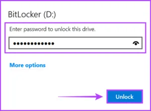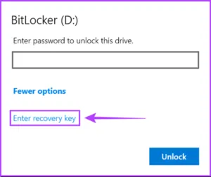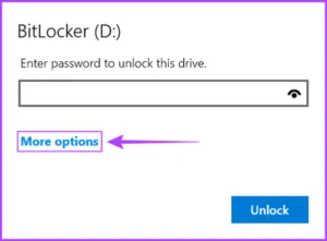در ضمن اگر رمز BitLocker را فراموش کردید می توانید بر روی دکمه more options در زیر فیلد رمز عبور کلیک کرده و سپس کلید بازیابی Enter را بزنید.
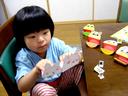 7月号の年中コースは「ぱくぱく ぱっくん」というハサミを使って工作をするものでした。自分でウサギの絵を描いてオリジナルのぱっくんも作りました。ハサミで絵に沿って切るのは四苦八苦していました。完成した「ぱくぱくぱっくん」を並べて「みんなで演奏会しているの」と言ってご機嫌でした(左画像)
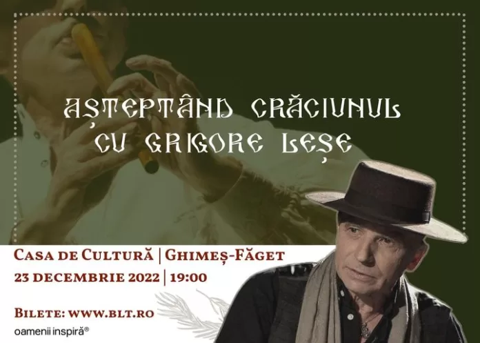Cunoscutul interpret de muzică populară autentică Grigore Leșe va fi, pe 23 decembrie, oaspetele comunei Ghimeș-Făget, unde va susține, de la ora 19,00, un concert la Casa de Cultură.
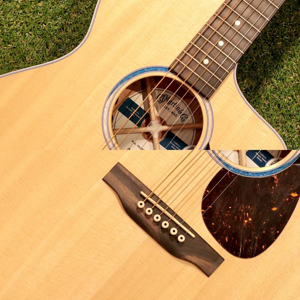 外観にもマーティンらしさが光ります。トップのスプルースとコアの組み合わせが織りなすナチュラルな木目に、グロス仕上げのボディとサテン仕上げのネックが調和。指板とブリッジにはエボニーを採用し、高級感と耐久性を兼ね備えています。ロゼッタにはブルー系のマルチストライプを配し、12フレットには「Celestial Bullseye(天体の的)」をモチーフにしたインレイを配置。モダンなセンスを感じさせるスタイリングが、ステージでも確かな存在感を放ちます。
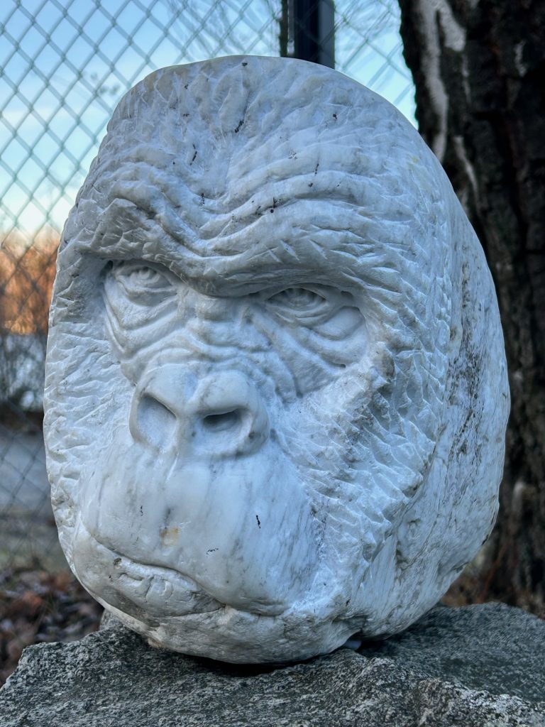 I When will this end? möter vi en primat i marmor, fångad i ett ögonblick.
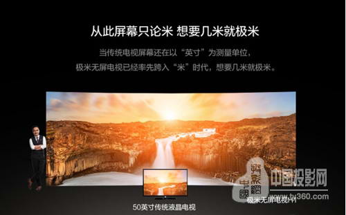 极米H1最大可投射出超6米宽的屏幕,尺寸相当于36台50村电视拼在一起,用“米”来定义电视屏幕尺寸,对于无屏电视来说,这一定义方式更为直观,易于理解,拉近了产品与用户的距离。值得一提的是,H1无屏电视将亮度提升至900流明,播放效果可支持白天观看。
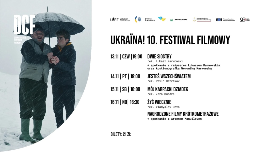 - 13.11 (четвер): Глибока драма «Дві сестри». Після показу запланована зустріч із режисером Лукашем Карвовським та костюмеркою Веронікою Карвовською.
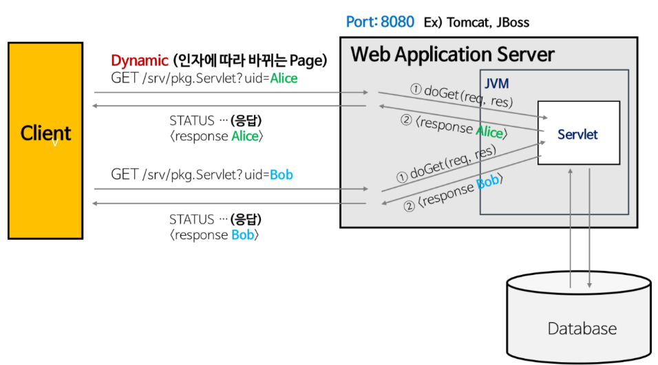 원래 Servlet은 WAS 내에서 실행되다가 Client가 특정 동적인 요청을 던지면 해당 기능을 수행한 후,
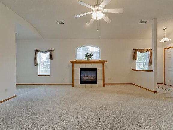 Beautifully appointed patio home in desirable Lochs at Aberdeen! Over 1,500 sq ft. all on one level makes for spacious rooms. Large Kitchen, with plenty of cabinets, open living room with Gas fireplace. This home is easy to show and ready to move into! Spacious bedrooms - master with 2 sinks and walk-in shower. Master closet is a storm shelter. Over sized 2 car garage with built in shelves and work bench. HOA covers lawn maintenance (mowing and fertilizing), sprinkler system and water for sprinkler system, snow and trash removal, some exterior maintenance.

#### ABOUT THIS TASK:
Which lines run from the one that holds "极米H1最大可投射出超6米宽" to the final line of the records above? Return them exactly, and skip the pictures.

#### WORKED SOLUTION:
 极米H1最大可投射出超6米宽的屏幕,尺寸相当于36台50村电视拼在一起,用“米”来定义电视屏幕尺寸,对于无屏电视来说,这一定义方式更为直观,易于理解,拉近了产品与用户的距离。值得一提的是,H1无屏电视将亮度提升至900流明,播放效果可支持白天观看。
 - 13.11 (четвер): Глибока драма «Дві сестри». Після показу запланована зустріч із режисером Лукашем Карвовським та костюмеркою Веронікою Карвовською.
 원래 Servlet은 WAS 내에서 실행되다가 Client가 특정 동적인 요청을 던지면 해당 기능을 수행한 후,
 Beautifully appointed patio home in desirable Lochs at Aberdeen! Over 1,500 sq ft. all on one level makes for spacious rooms. Large Kitchen, with plenty of cabinets, open living room with Gas fireplace. This home is easy to show and ready to move into! Spacious bedrooms - master with 2 sinks and walk-in shower. Master closet is a storm shelter. Over sized 2 car garage with built in shelves and work bench. HOA covers lawn maintenance (mowing and fertilizing), sprinkler system and water for sprinkler system, snow and trash removal, some exterior maintenance.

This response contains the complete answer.